3/8″ Pre-Cut Galvanized Wire Rope Cable

The 3/8″ Pre-Cut Galvanized Wire Rope Cable is a 7 x 19 strand aircraft cable. Factory cut to specific boat lift lengths. Moderate corrosion resistance & remains ductile over long periods running over sheaves.  Galvanized steel cable is stronger than stainless steel cable. The most commonly used cable for boat lifts. Made by BH-USA.

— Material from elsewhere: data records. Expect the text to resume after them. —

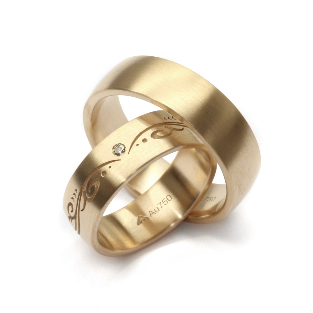 Eheringe mit filigraner Gravur und mattierter Oberfläche.
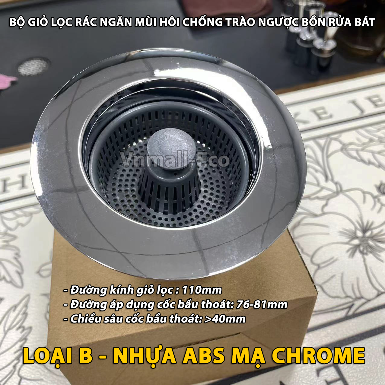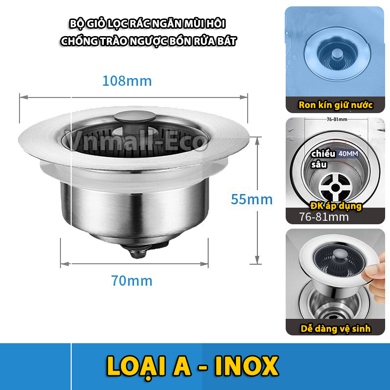 bộ lọc rác ngăn mùi chống trào ngược bồn rửa bát, lọc rác ngăn mùi hôi chất liệu inox cao cấp bộ lọc rác thức ăn thừa ngăn mùi hôi chống vi khuẩn côn trùng trào ngược, lọc rác ngăn mùi hôi dễ vệ sinh dễ lắp đặt không gây tắc bồn rửa, giỏ lọc có 2 chất liệu chính là nhựa ABS và inox
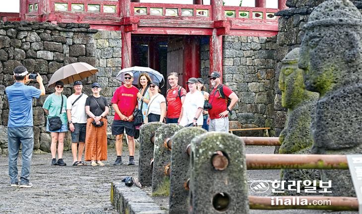 [한라일보] 1일 서귀포시 표선면 성읍민속마을을 찾은 외국인 관광객들이 기념촬영을 하고 있다. 강희만기자
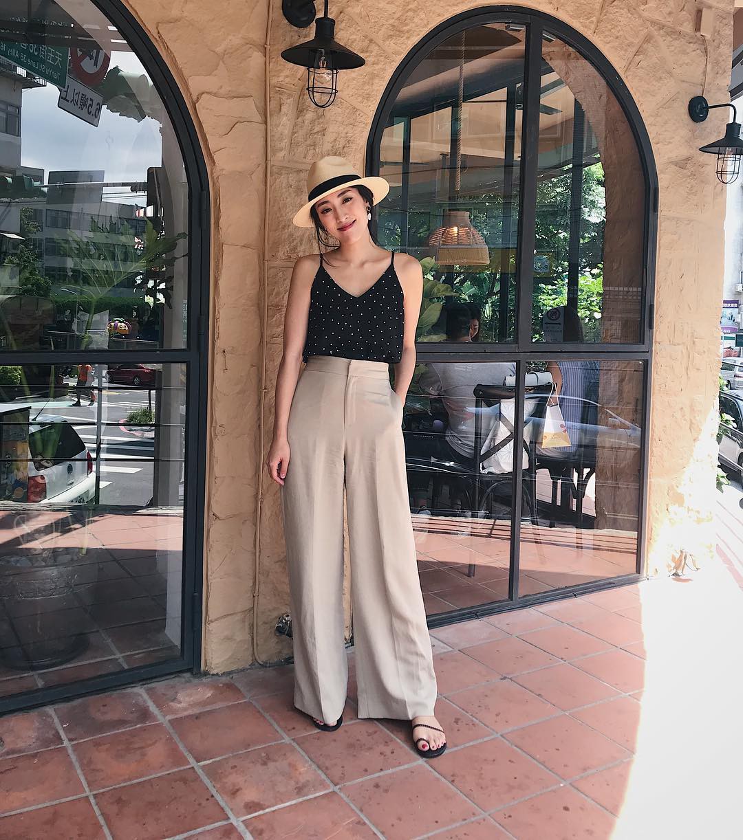 Set đồ của cô nàng này nhìn đơn giản nhưng lại có "sức mạnh" giúp kéo dài đôi chân, quần culottes cạp cao sơ vin cùng áo hai dây là combo vô cùng thoải mái mà các nàng có thể học theo.
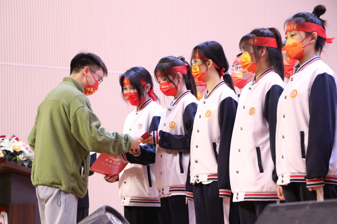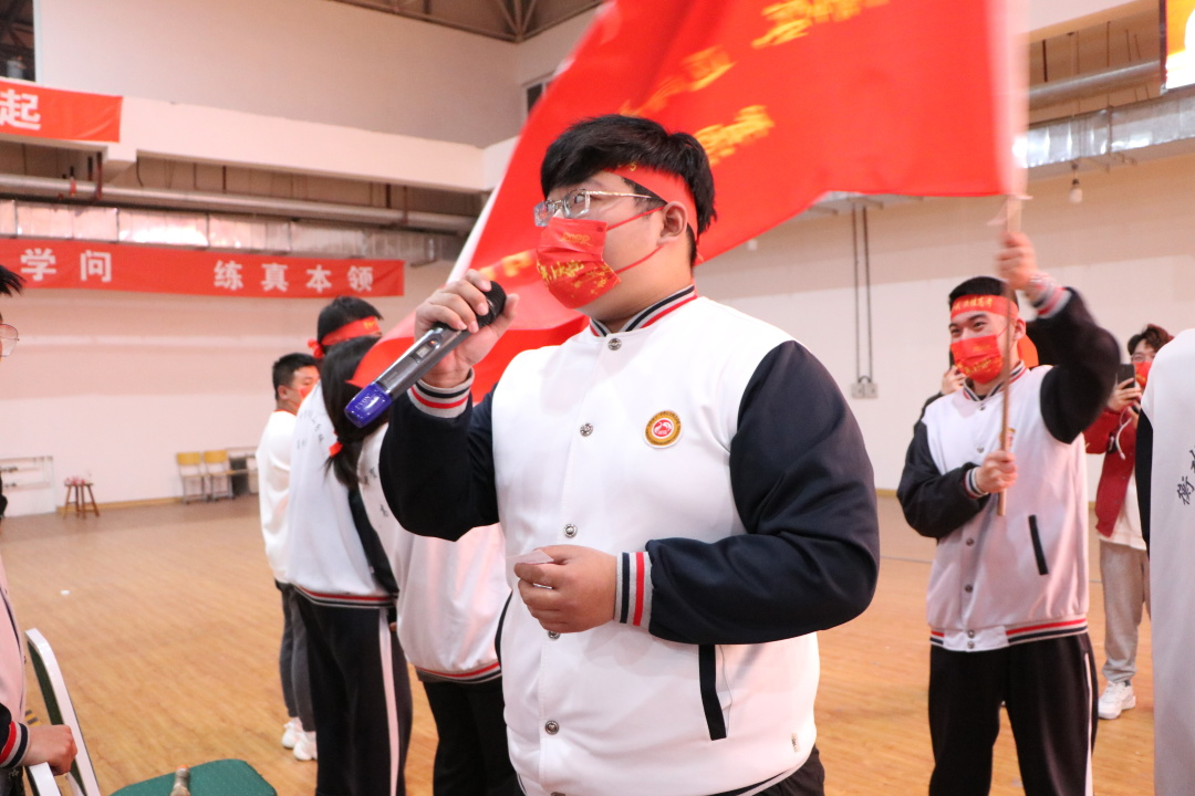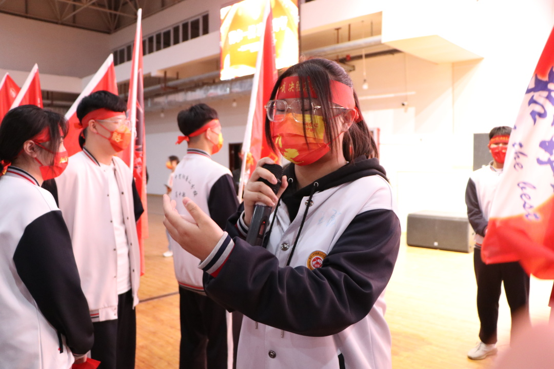 秦书记为高三年级授高考冲刺战旗。徐校长并为各班代表授班旗。最后各班进行宣誓。
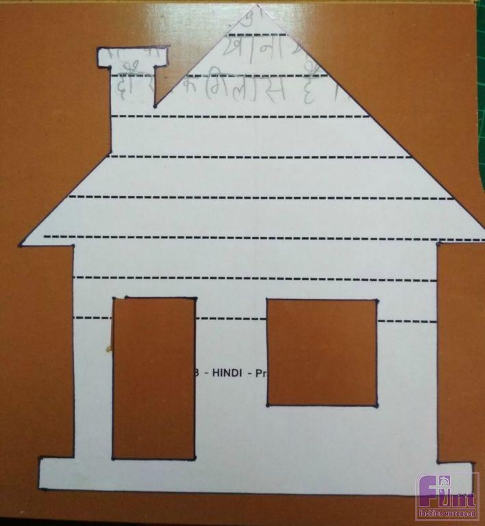 Для изготовления ключницы нам потребуется шаблон в виде стилизованного деревенского домика с дверью, окном и трубой на крыше. Изображение можно найти в интернете или же нарисовать его самостоятельно. Нарисуйте или распечатайте шаблон на листе бумаги подходящего размера. Вырежьте шаблон по контуру, удалив отверстия под дверь и окно.
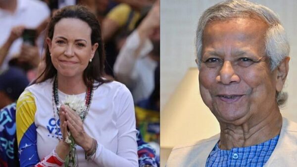 স্টাফ রিপোর্টার: ভেনিজুয়েলার গণতন্ত্রের জন্য সাহসিকতার সঙ্গে লড়ে যাওয়া মারিয়া কোরিনা মাচাদোকে ২০২৫ সালের নোবেল শান্তি পুরস্কার অর্জনের জন্য অভিনন্দন জানিয়েছেন বাংলাদেশের নোবেল শান্তি পুরস্কার বিজয়ী অধ্যাপক মুহাম্মদ ইউনূস। শুক্রবার

Any boat heavier than 6,000 lbs. needs the boat lift cable to be compounded. We use the ASME (American Society for Mechanical Engineers) recommended safety factor and rating system. The same is used in the overhead crane industry. Never use “Breaking Strength” for rating a cable.

Aircraft Cable

Aircraft cable is specified by the number of strands in the rope times the number of wires in each strand.  “7 x 19” means the rope has seven (7) strands, with 19 wires in each strand. 7×19 is the most flexible aircraft cable construction.

BH-USA recommends 7 x 19 aircraft cables for boat lift applications. Always consider at least a 5:1 safety factor when figuring working loads. Use a minimum of 4 drops when using in boat lift applications. A test certificate for all cables sold by BH-USA is available upon request.

7 x 19 aircraft cable is not suitable for use in aircraft controls. Never lift humans with 7 x 19 aircraft cable.

Safe Working Load vs. Minimum Breaking Strength

It is important to use the Safe Working Load (SWL) of the cable and not the breaking strength when selecting wire rope. The breaking strength is just that… the amount of force a brand-new wire rope can hold in a perfect world where if you put one more pound on it would cause it to SNAP!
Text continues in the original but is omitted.